Swiftly, Pliny dropped to his knees. He pulled Marozia’s legs apart; she was too far past the point of being able to protest. He dipped his head between them, examined her for a moment, then raised his head again. In a grave tone, he said, “Turn her over.”
This was not an easy task. Marozia had gone entirely limp. And the handmaiden Ninian was of no help; she had curled into a fetal pose on the floor, hands clasped to her ears. But with difficulty, Agnes, Waltrude, and Pliny managed to flip her onto her back.
Though the rest of her body was still, Marozia’s belly seemed to pulse and ripple. Agnes did not dare look between her legs, from where the blood was draining steadily. She focused on Marozia’s face, on her faintly fluttering lashes—the beautiful face that Agnes had by turns desired and envied, loved and hated, now turned ashen and dull. Thelips were odd, stained black. When Agnes brushed her finger across them, it came away with a faint charcoal-colored smear. As if she had drunk strange dark wine.
“You must keep her awake, lady,” Pliny said, “else the babe will not be born naturally. It will be—”
“I know,” Agnes bit out. She could see the scalpel flashing, that cruel and remote surgeon’s tool. She would not let it happen. Not such barbarity—the smell of the blood was making her woozy, and an even more peculiar odor was lifting from Marozia’s mouth.
Still, she pressed her forehead to her cousin’s. She spoke and let the mists of her words drift down onto Marozia’s cold-fevered skin.

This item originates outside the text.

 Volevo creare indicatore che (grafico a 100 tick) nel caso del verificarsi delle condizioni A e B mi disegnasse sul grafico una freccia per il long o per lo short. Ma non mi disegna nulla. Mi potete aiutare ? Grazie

“Be strong,” she whispered. “You have done so well already. Do not be silent—do not give up your screams. Let your pain be known to all. Let it echo through every corridor in the castle. Punish the world with your agony. I know you have the strength for this. In my dreams, I have seen you survive it.”

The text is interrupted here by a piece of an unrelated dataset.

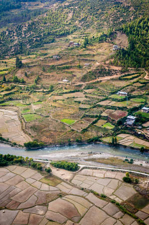 Overview of rice terraces in Punakha District, Bunakha Valley, Bhutan

Very faintly, Marozia’s lips parted. Her eyes remained yet shut, though she said, in the lowest rasp that even Agnes strained to hear, “Get it out of me. Please.”
Agnes smoothed back the hair from her sweat-dewed forehead. “You must push. Only a little longer. I swear this trial is almost done.”
Of course, she could not swear such a thing, but her own desire to believe it was at least as powerful as Marozia’s. Her cousin’s brow furrowed, her lips twisting into a grimace, and she reached out and grasped for Agnes’s hand as she indeed gave a brutal, wrenching push.
Pliny’s head bobbed there between her legs. “Good, Princess. Now again.”
She obeyed, and this time a howl broke through her gritted teeth. Agnes let her hand be crushed in her cousin’s grip, let Marozia press her pain into Agnes, let it pour into her like a cistern filling with rainwater. She allowed the smallest pearl of hope to glisten inside her. And then—
The door swung open, with no subtlety or gentleness. In the threshold stood the leech, Truss.
Marozia’s eyes grew wide, her agony and her efforts momentarily forgotten. When she saw Truss, she screamed wordlessly.
The leech’s face went pale. He looked as though he wished to flee, and Agnes wished he would, but before he turned in cowardice, he said, “The prince waits outside the door.”
At this, a serpent within Marozia woke. She pushed herself up onto her elbows and shrieked, “Get out!”
Truss fled.
But Waltrude, who knelt on Marozia’s other side and held her knees apart for Pliny to work between them, glanced up at Agnes.
“Go to him, lady,” she said quietly. “The prince must know what comes of his wife and child. He must be consulted—better him than the king.”
Agnes’s stomach twisted. Words she wished to speak became dammed within her throat. So rather than reply, she gently extricated herself from Marozia’s grasp—her cousin seemed hardly to notice, now within the fog of rage that Truss’s presence had provoked—and rose to her feet. Unsteadily, as if bloated with wine, Agnes walked toward the door. She opened it.